**DESCRIPTION OF THE TASK:** Set down each line of the material that follows, exactly, with no pictures.

**EXERCISE DATA:**
<<<<
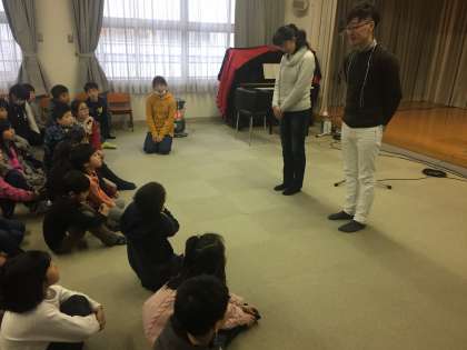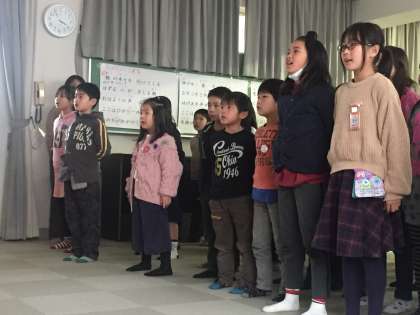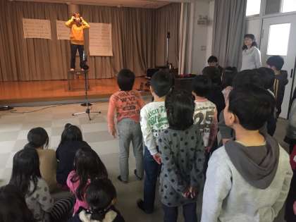 創立40周年の歌「ここはひかり」は、CDに収録して、全児童に配布いたします。その中には、昨年度の40周年を祝う会での全校合唱と、各学年の代表による合唱が入ります。今日は、作曲者のたかおかまりこさん、CD制作のスーパーバイザーとして西岡健さんにお越しいただき、レコーディングを行いました。みんな緊張しつつも、力を出し切りいい演奏ができました。完成が楽しみです。
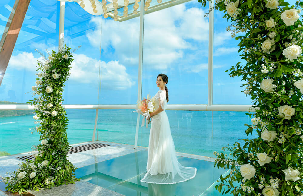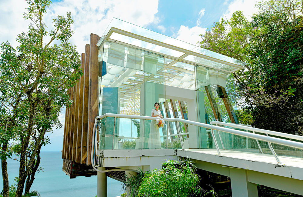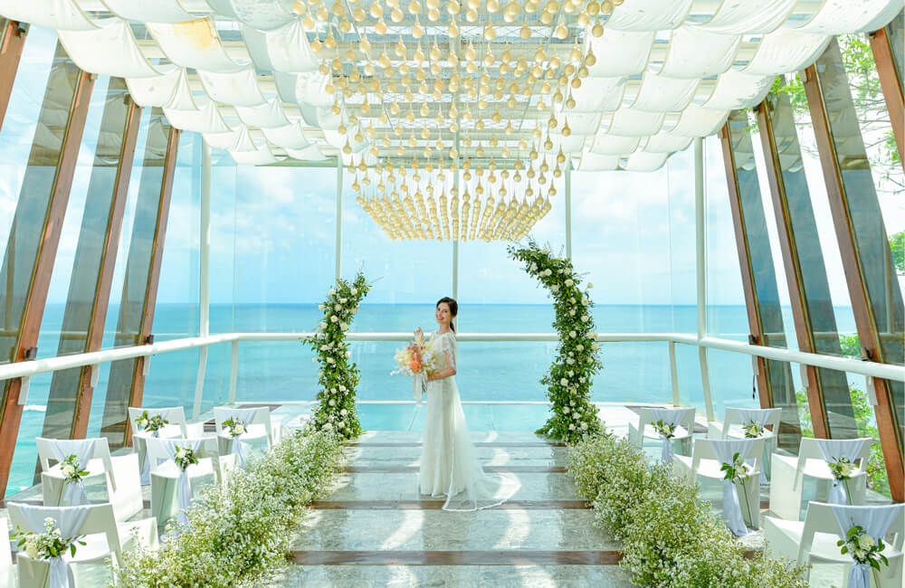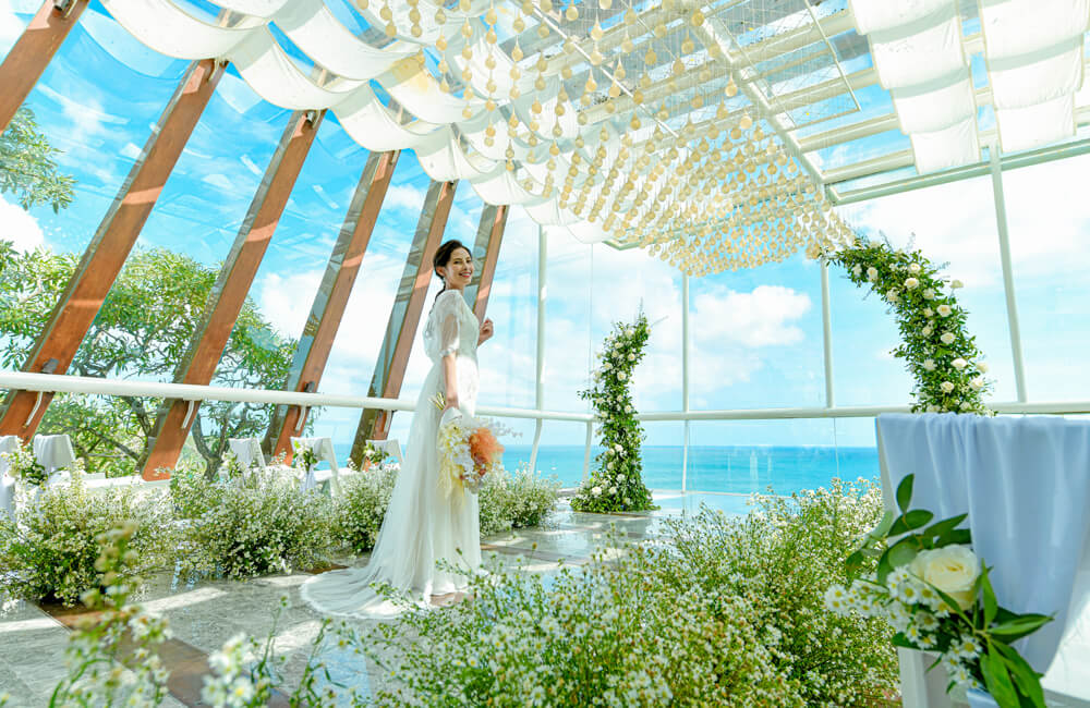 アナンタラ・バリ・ウルワツ・リゾート&スパは、崖の上にたたずむバリならではの神秘リゾート。ラグジュアリーなホテルが競ってオープンを続けるウンガサンのクリフトップに建ちます。そして結婚式の舞台である「デワ・デウィ・チャペル」は、バリ島にある数々のオーシャンフロントチャペルの中でも、群を抜いた海の広さと美しさを臨むことのできる、全面ガラス張りのオーシャンフロントチャペル!美しく真っ青なウルワツの海を180度一望できるその絶景は、バリ島ウェディングならではです。
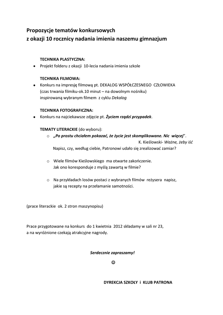 Propozycje tematów konkursowych z okazji 10 rocznicy nadania imienia naszemu gimnazjum TECHNIKA PLASTYCZNA: Projekt folderu z okazji 10-lecia nadania imienia szkole TECHNIKA FILMOWA: Konkurs na impresję filmową pt. DEKALOG WSPÓŁCZESNEGO CZŁOWIEKA (czas trwania filmiku-ok.10 minut – na dowolnym nośniku) inspirowaną wybranym filmem z cyklu Dekalog TECHNIKA FOTOGRAFICZNA: Konkurs na najciekawsze zdjęcie pt. Życiem rządzi przypadek. TEMATY LITERACKIE (do wyboru): o „Po prostu chciałem pokazać, że życie jest skomplikowane. Nic więcej”. K. Kieślowski- Ważne, żeby iść Napisz, czy, według ciebie, Patronowi udało się zrealizowad zamiar? o Wiele filmów Kieślowskiego ma otwarte zakooczenie. Jak ono koresponduje z myślą zawartą w filmie? o Na przykładach losów postaci z wybranych filmów reżysera napisz, jakie są recepty na przełamanie samotności. (prace literackie ok. 2 stron maszynopisu) Prace przygotowane na konkurs do 1 kwietnia 2012 składamy w sali nr 23, a na wyróżnione czekają atrakcyjne nagrody. Serdecznie zapraszamy! DYREKCJA SZKOŁY i KLUB PATRONA
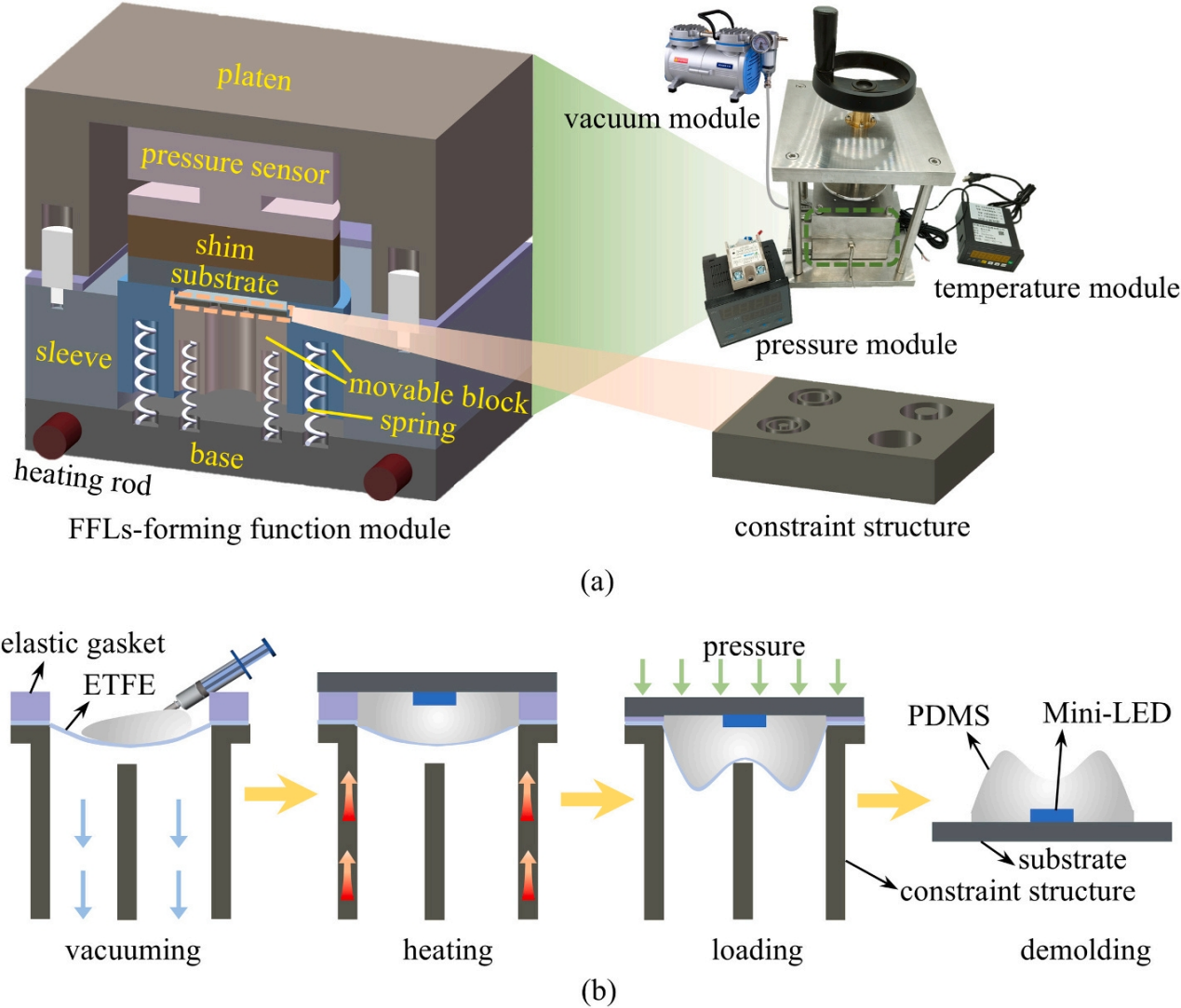 自由透镜(FFL)通过精确调节光分布在提高微型LED的光学性能方面发挥着关键作用。然而,在原位制造复杂形状透镜的成型过程中,传统方法无法精确控制FFL几何形状,需要加工不同的刚性金属模具并频繁更换FFL成型平台,从而延长了设计-制造周期。在此,我们提出了一种模具集成原位制造(MIF)技术,该技术利用压力驱动的可变形薄膜作为软模具,与局部约束结构相互作用形成特定的自由曲面。光学封装材料注入变形后的软模具并转变为所需的透镜形状,从而能够精细调节和快速制造复杂曲率的FFL。结果表明,将压力从0.7 MPa增加到1.9 MPa可以有效地调节FFL的高度和半峰宽,与温度调节相比分别增加了238%和42%。引入局部约束结构后,FFL的形状可调性显著增强。圆柱体和圆环约束的形状参数分别是没有约束的7.6倍和7倍。最后,该技术被应用于微型LED与FFL的一体化模压封装,与平面封装相比,新型器件光提取效率提高了9.8%,亮度色散系数降低了31.3%。这项研究表明,MIF是快速制造复杂形状FFL的有前景的解决方案,在提高小型化光电器件的整体光学性能方面具有巨大潜力。
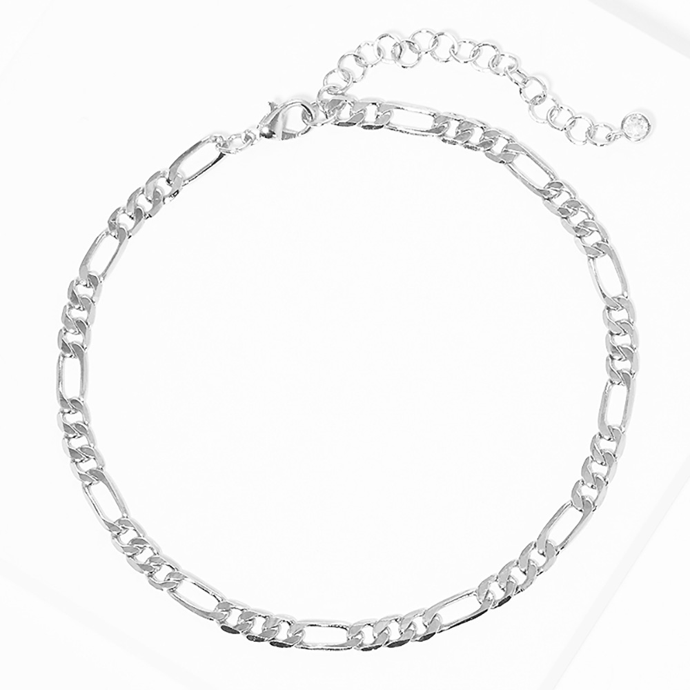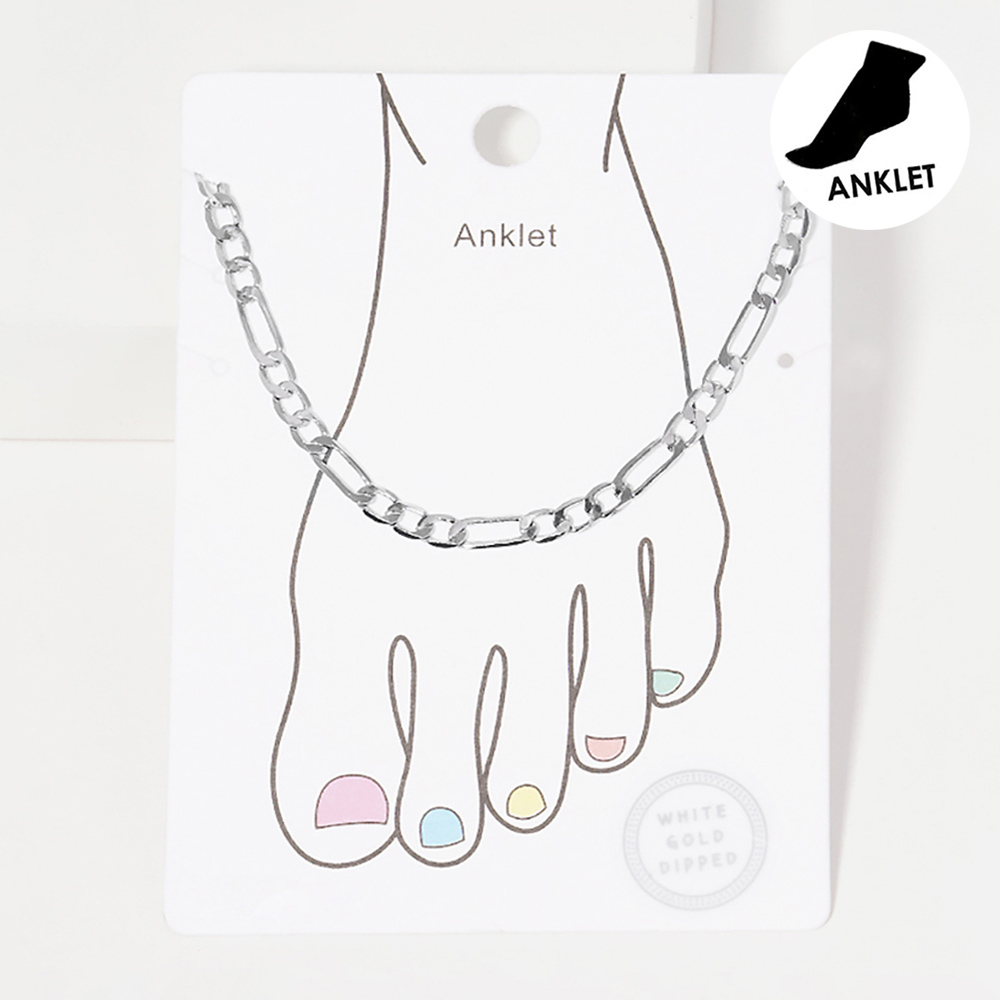 Details • Size : 0.2" H, 8.5" + 2" L • Lobster Clasp Closure • This white gold-dipped anklet features a classic Figaro chain design with alternating link sizes for timeless appeal. Hypoallergenic and sleek, it offers a comfortable fit and subtle shine—ideal for everyday wear or pairing with other anklets for a layered, on-trend look. • Lead and Nickel Compliant • Hypoallergenic • Made In Korea • Gold Dipped
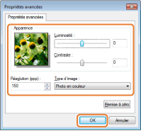 Cliquez sur [Paramètres personnalisés] pour définir des réglages détaillés dans la boîte de dialogue [Propriétés].
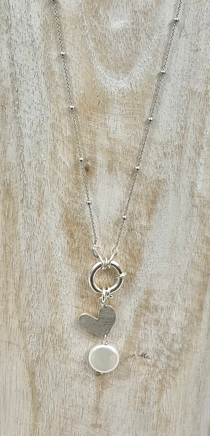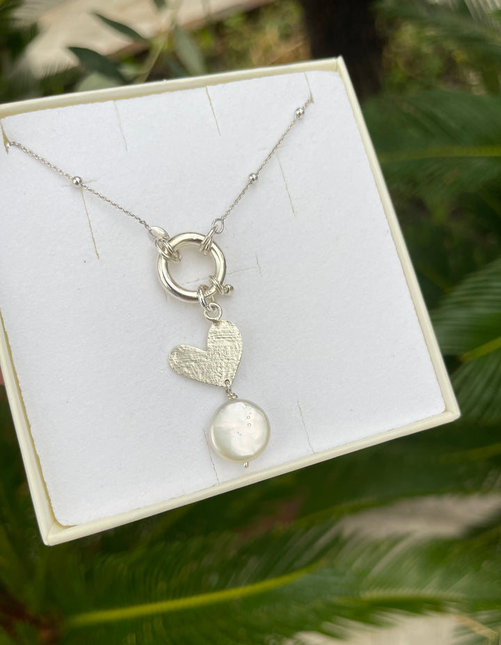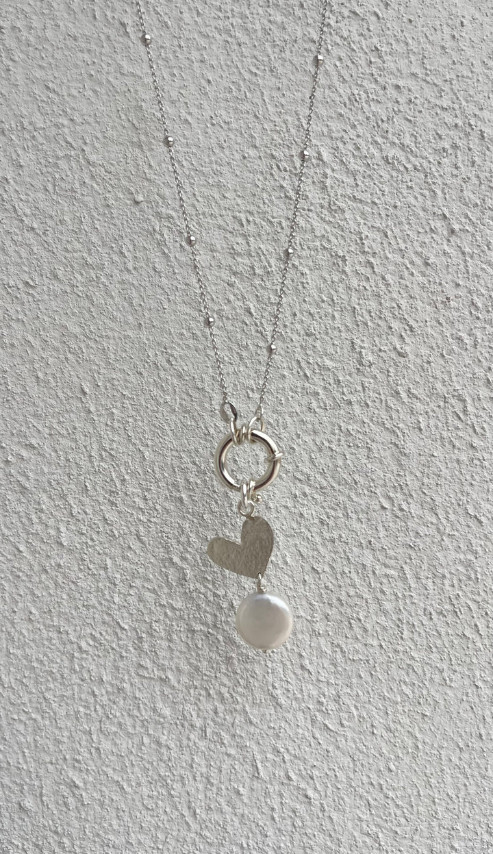 Una collana che racconta storie di eleganza e delicatezza: la catena in argento 925 lunga 60 cm accompagna un raffinato moschettone a ciambella, su cui si posa un piccolo pendente a forma di cuore, interamente realizzato a mano con effetto martellato, custode di luce e artigianalità. Sotto, una perla naturale come un piccolo battito di vita, completa il gioiello con grazia discreta. Una creazione che unisce poesia, luce e armonia, perfetta per chi ama indossare un simbolo di bellezza autentica e personale.
>>>>
**RESULT FOR THIS TASK:**
 創立40周年の歌「ここはひかり」は、CDに収録して、全児童に配布いたします。その中には、昨年度の40周年を祝う会での全校合唱と、各学年の代表による合唱が入ります。今日は、作曲者のたかおかまりこさん、CD制作のスーパーバイザーとして西岡健さんにお越しいただき、レコーディングを行いました。みんな緊張しつつも、力を出し切りいい演奏ができました。完成が楽しみです。
 アナンタラ・バリ・ウルワツ・リゾート&スパは、崖の上にたたずむバリならではの神秘リゾート。ラグジュアリーなホテルが競ってオープンを続けるウンガサンのクリフトップに建ちます。そして結婚式の舞台である「デワ・デウィ・チャペル」は、バリ島にある数々のオーシャンフロントチャペルの中でも、群を抜いた海の広さと美しさを臨むことのできる、全面ガラス張りのオーシャンフロントチャペル!美しく真っ青なウルワツの海を180度一望できるその絶景は、バリ島ウェディングならではです。
 Propozycje tematów konkursowych z okazji 10 rocznicy nadania imienia naszemu gimnazjum TECHNIKA PLASTYCZNA: Projekt folderu z okazji 10-lecia nadania imienia szkole TECHNIKA FILMOWA: Konkurs na impresję filmową pt. DEKALOG WSPÓŁCZESNEGO CZŁOWIEKA (czas trwania filmiku-ok.10 minut – na dowolnym nośniku) inspirowaną wybranym filmem z cyklu Dekalog TECHNIKA FOTOGRAFICZNA: Konkurs na najciekawsze zdjęcie pt. Życiem rządzi przypadek. TEMATY LITERACKIE (do wyboru): o „Po prostu chciałem pokazać, że życie jest skomplikowane. Nic więcej”. K. Kieślowski- Ważne, żeby iść Napisz, czy, według ciebie, Patronowi udało się zrealizowad zamiar? o Wiele filmów Kieślowskiego ma otwarte zakooczenie. Jak ono koresponduje z myślą zawartą w filmie? o Na przykładach losów postaci z wybranych filmów reżysera napisz, jakie są recepty na przełamanie samotności. (prace literackie ok. 2 stron maszynopisu) Prace przygotowane na konkurs do 1 kwietnia 2012 składamy w sali nr 23, a na wyróżnione czekają atrakcyjne nagrody. Serdecznie zapraszamy! DYREKCJA SZKOŁY i KLUB PATRONA
 自由透镜(FFL)通过精确调节光分布在提高微型LED的光学性能方面发挥着关键作用。然而,在原位制造复杂形状透镜的成型过程中,传统方法无法精确控制FFL几何形状,需要加工不同的刚性金属模具并频繁更换FFL成型平台,从而延长了设计-制造周期。在此,我们提出了一种模具集成原位制造(MIF)技术,该技术利用压力驱动的可变形薄膜作为软模具,与局部约束结构相互作用形成特定的自由曲面。光学封装材料注入变形后的软模具并转变为所需的透镜形状,从而能够精细调节和快速制造复杂曲率的FFL。结果表明,将压力从0.7 MPa增加到1.9 MPa可以有效地调节FFL的高度和半峰宽,与温度调节相比分别增加了238%和42%。引入局部约束结构后,FFL的形状可调性显著增强。圆柱体和圆环约束的形状参数分别是没有约束的7.6倍和7倍。最后,该技术被应用于微型LED与FFL的一体化模压封装,与平面封装相比,新型器件光提取效率提高了9.8%,亮度色散系数降低了31.3%。这项研究表明,MIF是快速制造复杂形状FFL的有前景的解决方案,在提高小型化光电器件的整体光学性能方面具有巨大潜力。
 Details • Size : 0.2" H, 8.5" + 2" L • Lobster Clasp Closure • This white gold-dipped anklet features a classic Figaro chain design with alternating link sizes for timeless appeal. Hypoallergenic and sleek, it offers a comfortable fit and subtle shine—ideal for everyday wear or pairing with other anklets for a layered, on-trend look. • Lead and Nickel Compliant • Hypoallergenic • Made In Korea • Gold Dipped
 Cliquez sur [Paramètres personnalisés] pour définir des réglages détaillés dans la boîte de dialogue [Propriétés].
 Una collana che racconta storie di eleganza e delicatezza: la catena in argento 925 lunga 60 cm accompagna un raffinato moschettone a ciambella, su cui si posa un piccolo pendente a forma di cuore, interamente realizzato a mano con effetto martellato, custode di luce e artigianalità. Sotto, una perla naturale come un piccolo battito di vita, completa il gioiello con grazia discreta. Una creazione che unisce poesia, luce e armonia, perfetta per chi ama indossare un simbolo di bellezza autentica e personale.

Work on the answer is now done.